Max in a sliding window in NumPy array

Pandas has a rolling method for both Series and DataFrames, and that could be of use here:

import pandas as pd

lst = [6,4,8,7,1,4,3,5,7,8,4,6,2,1,3,5,6,3,4,7,1,9,4,3,2]
lst1 = pd.Series(lst).rolling(5).max().dropna().tolist()

# [8.0, 8.0, 8.0, 7.0, 7.0, 8.0, 8.0, 8.0, 8.0, 8.0, 6.0, 6.0, 6.0, 6.0, 6.0, 7.0, 7.0, 9.0, 9.0, 9.0, 9.0]

For consistency, you can coerce each element of lst1 to int:

[int(x) for x in lst1]

# [8, 8, 8, 7, 7, 8, 8, 8, 8, 8, 6, 6, 6, 6, 6, 7, 7, 9, 9, 9, 9]

Approach #1 : You could use 1D max filter from Scipy -

from scipy.ndimage.filters import maximum_filter1d

def max_filter1d_valid(a, W):
    hW = (W-1)//2 # Half window size
    return maximum_filter1d(a,size=W)[hW:-hW]

Approach #2 : Here's another approach with strides : strided_app to create a 2D shifted version as view into the array pretty efficiently and that should let us use any custom reduction operation along the second axis afterwards -

def max_filter1d_valid_strided(a, W):
    return strided_app(a, W, S=1).max(axis=1)

Runtime test -

In [55]: a = np.random.randint(0,10,(10000))

# @Abdou's solution using pandas rolling
In [56]: %timeit pd.Series(a).rolling(5).max().dropna().tolist()
1000 loops, best of 3: 999 µs per loop

In [57]: %timeit max_filter1d_valid(a, W=5)
    ...: %timeit max_filter1d_valid_strided(a, W=5)
    ...: 
10000 loops, best of 3: 90.5 µs per loop
10000 loops, best of 3: 87.9 µs per loop

Starting in Numpy 1.20, the sliding_window_view provides a way to slide/roll through windows of elements. Windows that you can then find the max for:

from numpy.lib.stride_tricks import sliding_window_view

# values = np.array([6,4,8,7,1,4,3,5,7,2,4,6,2,1,3,5,6,3,4,7,1,9,4,3,2])
np.max(sliding_window_view(values, window_shape = 5), axis = 1)
# array([8, 8, 8, 7, 7, 7, 7, 7, 7, 6, 6, 6, 6, 6, 6, 7, 7, 9, 9, 9, 9])

where:

  • window_shape is the size of the sliding window
  • np.max(array, axis = 1) finds the max for each sub-array

and the intermediate result of the sliding is:

sliding_window_view(values, window_shape = 5)
# array([[6, 4, 8, 7, 1],
#        [4, 8, 7, 1, 4],
#        [8, 7, 1, 4, 3],
#        ...
#        [7, 1, 9, 4, 3],
#        [1, 9, 4, 3, 2]])

I have tried several variants now and would declare the Pandas version as the winner of this performance race. I tried several variants, even using a binary tree (implemented in pure Python) for quickly computing maxes of arbitrary subranges. (Source available on demand). The best algorithm I came up with myself was a plain rolling window using a ringbuffer; the max of that only needed to be recomputed completely if the current max value was dropped from it in this iteration; otherwise it would remain or increase to the next new value. Compared with the old libraries, this pure-Python implementation was faster than the rest.

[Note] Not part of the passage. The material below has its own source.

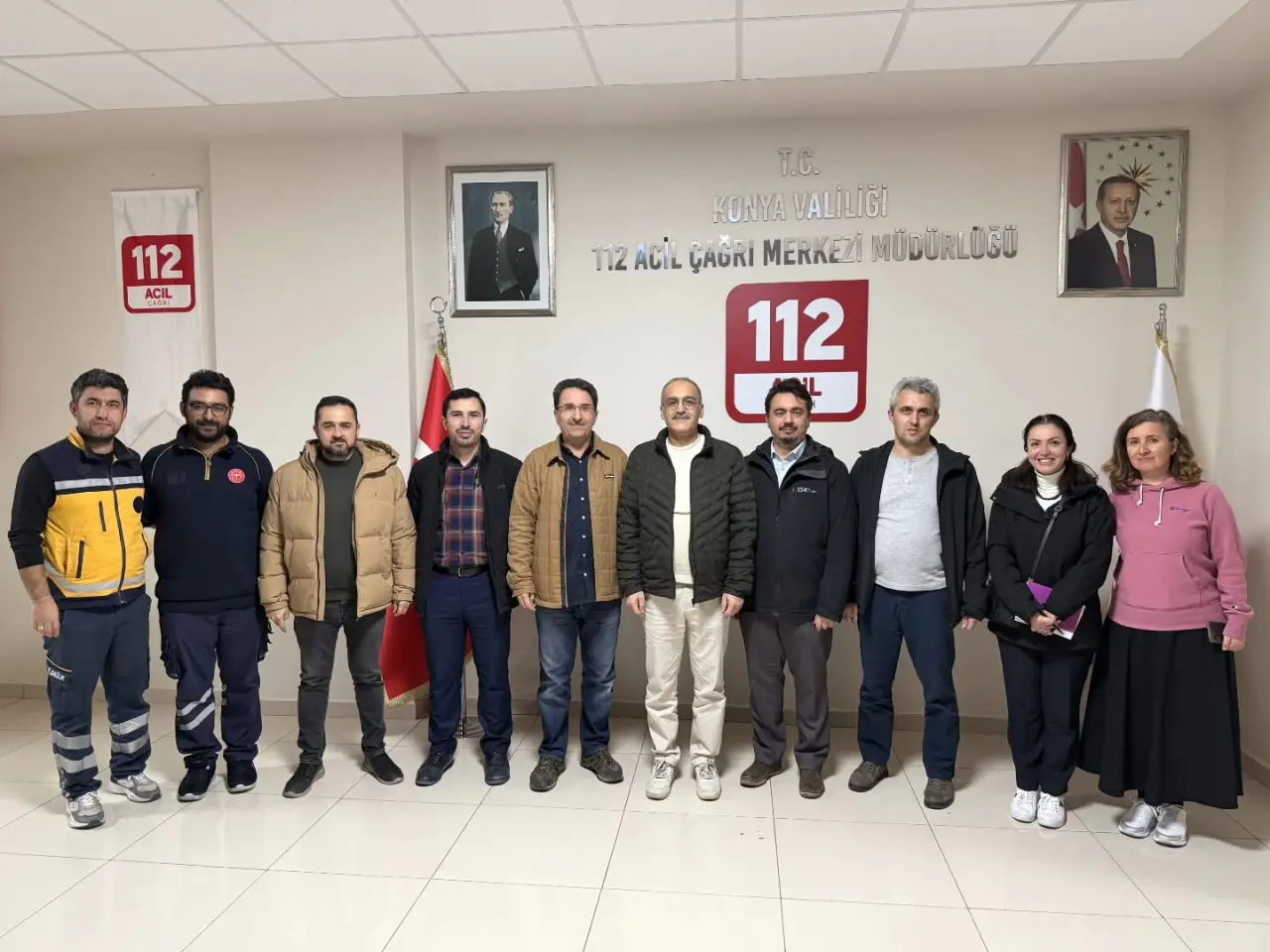 Konya Şehir Hastanesi yönetimi, Konya İl Sağlık Müdürlüğü ile birlikte yürütülen program kapsamında 112 Acil Çağrı Merkezi’ni ziyaret etti.

In the end I found that the version of the libraries in question was highly relevant. The rather old versions I was mainly still using were way slower than the modern versions. Here are the numbers for 1M numbers, rollingMax'ed with a window of size 100k:

         old (slow HW)           new (better HW)
scipy:   0.9.0:  21.2987391949   0.13.3:  11.5804400444
pandas:  0.7.0:  13.5896410942   0.18.1:   0.0551438331604
numpy:   1.6.1:   1.17417216301  1.8.2:    0.537392139435

Here is the implementation of the pure numpy version using a ringbuffer:

def rollingMax(a, window):
  def eachValue():
    w = a[:window].copy()
    m = w.max()
    yield m
    i = 0
    j = window
    while j < len(a):
      oldValue = w[i]
      newValue = w[i] = a[j]
      if newValue > m:
        m = newValue
      elif oldValue == m:
        m = w.max()
      yield m
      i = (i + 1) % window
      j += 1
  return np.array(list(eachValue()))

For my input this works great because I'm handling audio data with lots of peaks in all directions. If you put a constantly decreasing signal into it (e. g. -np.arange(10000000)), then you will experience the worst case (and maybe you should reverse the input and the output in such cases).

I just include this in case someone wants to do this task on a machine with old libraries.